Deaggregation - ScreamingUdder/wiki GitHub Wiki
We want to deaggregate data into separate topics at ISIS to match ESS where these data will come from different producers rather than a single instrument server. This will allow greater sharing of implementation between ISIS and ESS, for example in the Mantid live listener, and make experience gained in developing and operating the ISIS system more relevant to the ESS.
Proposed plan for changes:
- Put "slow" sample environment data into a separate, single-partition topic. "Slow" here means time-value pair logs, not EPICS waveforms and AreaDetector. At ESS, and eventually at ISIS, these messages will come from the EPICS to Kafka forwarder. Thus the schema used by the EPICS forwarder must also be used here.
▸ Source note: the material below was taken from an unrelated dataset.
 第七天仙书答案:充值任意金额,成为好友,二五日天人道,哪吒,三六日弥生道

- Put pulse information into a separate topic as this will somehow come from the detector group at ESS, possibly via EPICS. At the moment this is just a pulse time and proton charge. Pulse time (
frame_time
) should also still be included in event messages, it should be available through the global time system somehow and will also act as the pulse id to match events to a pulse info message and the proton charge. - Mantid stores time of flights as
float
(check this) so for now use float on the wire and get Morten to castint
tofloat
. Not sure about this but it is easy to change later. - Continue to use "frame" terminology in schema unless there is resistance from ESS folk.
- Change default value of the
end_of_frame
field in event messages totrue
so that it can be omitted by producers which do not support splitting into multiple messages per frame. This makes the implementation easier for the event formation units for now. - The optional timestamp field in the Kafka message header should be used instead of putting the timestamp in the flatbuffer payload. This will allow use of the new Kafka feature of finding offset by timestamp, permitting seeking to start-of-run or "5 mins ago" etc.
Unanswered questions:
- How do we handle detecting the end-of-run (EOR) in every topic?
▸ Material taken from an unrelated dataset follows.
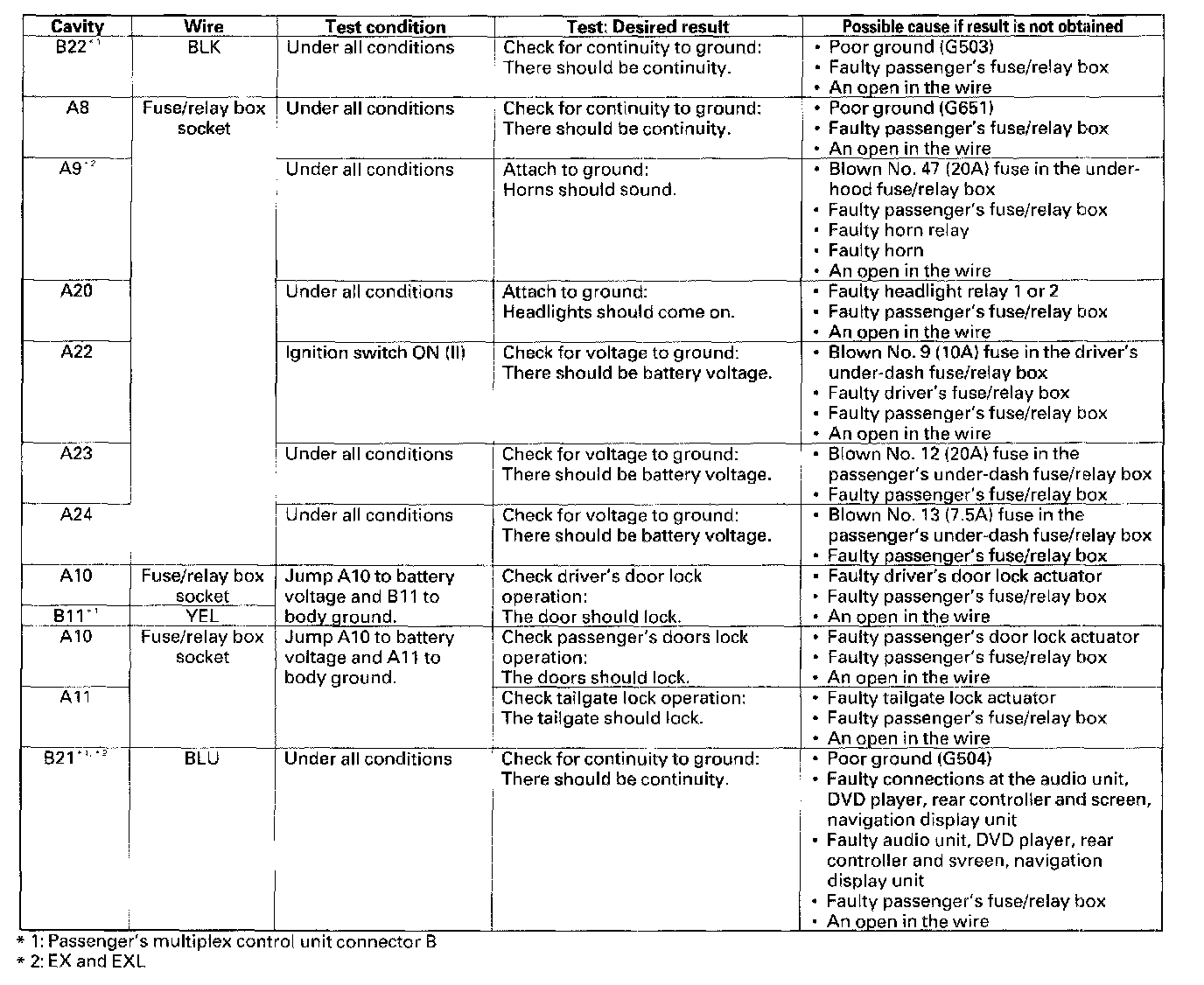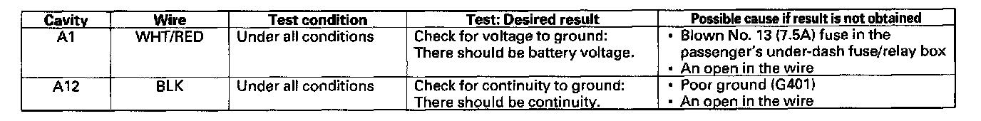 8. With the passenger's multiplex control unit still disconnected make these input tests at the connectors and the passenger's under dash fuse/relay box sockets

- If EOR is a time known in advance then it is easy... but what if a run ends at an unexpected time, by the push of a button or some kind of safe limit hit/interlock etc?
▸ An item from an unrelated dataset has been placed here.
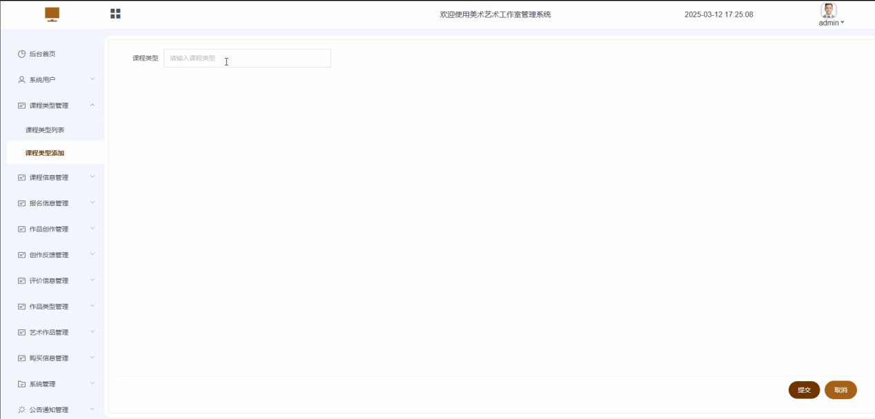 管理员可以对系统中的课程类型进行管理,包括新增、编辑、删除课程类型。通过该功能,管理员能够对课程进行分类,确保课程内容的结构化和清晰化,方便学生和艺术家在系统中查找和选择相应的课程。课程类型管理界面如图5-10所示。

- The system which knows when EOR was hit could publish an EOR message to every topic? If there is a short or even no pause between runs then this can result in other messages falling the wrong side of the EOR message.
- EOR could be published to one topic and then consumer continues to listen to other topics for a specified duration, then throws away any message with a timestamp after the timestamp in the EOR message. Any message which is thrown away should be reconsumed as part of the next run, unless there is a similar system for start-of-run (SOR) and it falls before the SOR. This is a slightly more complex solution and requires all messages to be timestamped but is probably the most robust solution.
Differences between ESS and ISIS requirements for schema
- ISIS has
RunStatus
- does not look like this is used by Mantid anyway, can be removed? (YAGNI) - ISIS has
frame_number
- could be useful but do not see how we can do this at ESS; EFU has no knowledge of run start + end (to reset frame number to 0). - ISIS has
period
number, no problem this can be included as default to 0 when omitted.